“The cubs, then, grew to be the size of spaniels, and then they became grown and were the size of hounds, and soon manes grew on them and they were the size of St. Bernards, and their eyes grew bright and shone at evening; and at last they were perfect Lions. But from a long association with Christian men they were genial, decorous, and loving, and ate nothing but cooked meat, bread, and now and then a sweetmeat. Also, they could stand up and beg. They could roar at command. They could jump over each other’s backs; they could play as many tricks as a dog. It was in this way that good came from them.

“For one day, when this man and his wife were in a better mood and had forgotten their poverty for an hour, there came to them in the carrier’s cart a parcel of wine sent them by a relative who had a vineyard. This may have been the turning of their luck: one cannot tell. Luck is above mankind. But, anyhow, they asked the carrier in and gave him wine. Now the carrier was a Mohammedan, and Mohammedans are treacherous, so when he saw two Lions walking about in a lonely house he did not call it witchcraft, as would a Christian man, but at once he offered a price for them; but the man and his wife had hearts so good they would not sell. Then the carrier changed his tune, and offered to hire them for one week and to pay for this fifty francs: this they gladly accepted. For the carrier and men like him are incapable of honour except in one small thing, which is the keeping of words and dates: in this they are most exact. So at the end of the week he brought back the Lions, and gave the man and his wife fifty francs.

“But more was to come. For the carrier (and men like him) see profit where a Christian man would not see it, and he made a proposition to these people. He said: ‘Your Lions jump through hoops, they beg for sugar, and do other entertaining things: now I will travel with you and them, and half of all we earn shall go to you.’ The man and his wife were so simple and so necessitous that they accepted, and the tour began.
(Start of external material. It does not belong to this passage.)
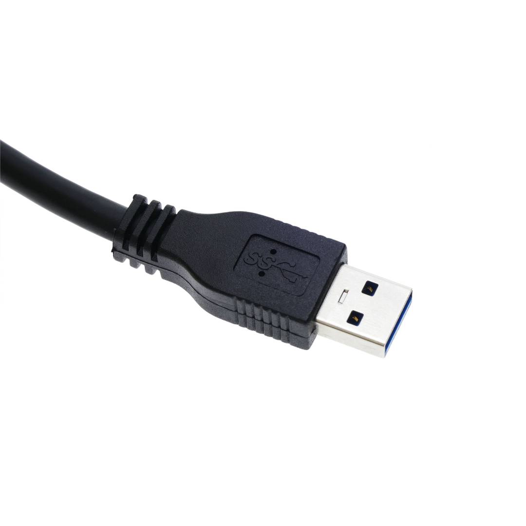 USB 3.0 or SuperSpeed USB cable based on USB 3.0 type A male connectors on one end and MicroUSB B male on the other end.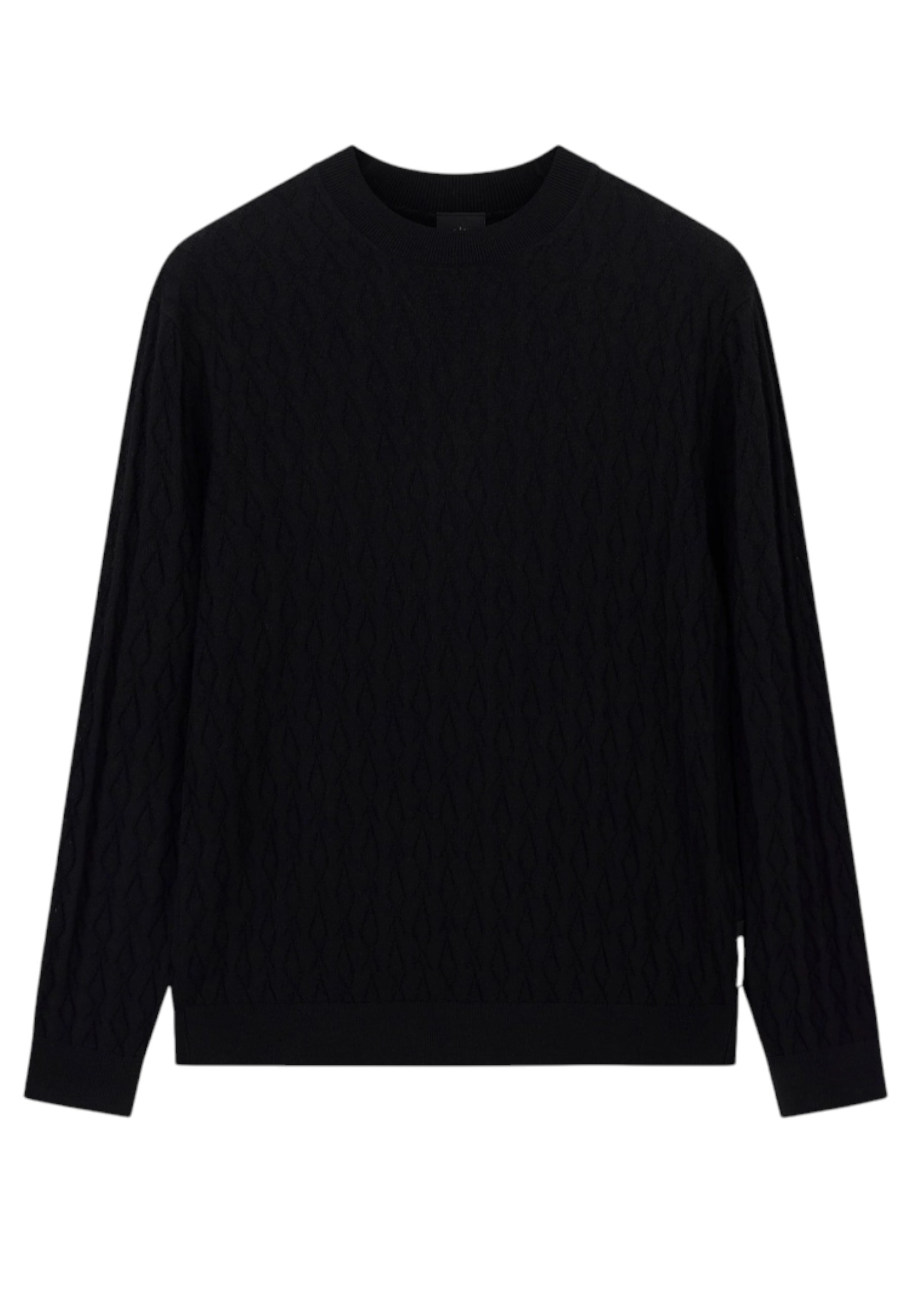 A warm and comfortable wool blend crew neck jumper featuring a refined wave pattern with a see-through effect and ribbed trim that adds structure to the garment. A logo label completes the design, making it ideal for a casual yet polished look. Made from a blend of acrylic and virgin wool, with knitted details including polyamide and elastane, it offers comfort, softness and a flawless fit.

But That Which Watches Over Us at last rewarded the man and his wife, for within a week the carrier died, and they went on up and down the country by themselves with their children, showing the Lions, till they began to earn incredible sums. They went to the great towns and to the sea coast. At last they became so rich that they went to Algiers, and there it is, as you may imagine, large rents but larger earnings. They lived in Algiers for one year, and became at last so rich that they crossed the sea and showed their Lions in Provence, in Lyons, and would have shown them in Paris but that, by the time they reached Tournus, they came to their own people and found themselves rich enough. There the man and his wife remained, but their children, who had been born in Africa, came back, and here they are now. They have friends to dinner every day, and all on account of Lions.”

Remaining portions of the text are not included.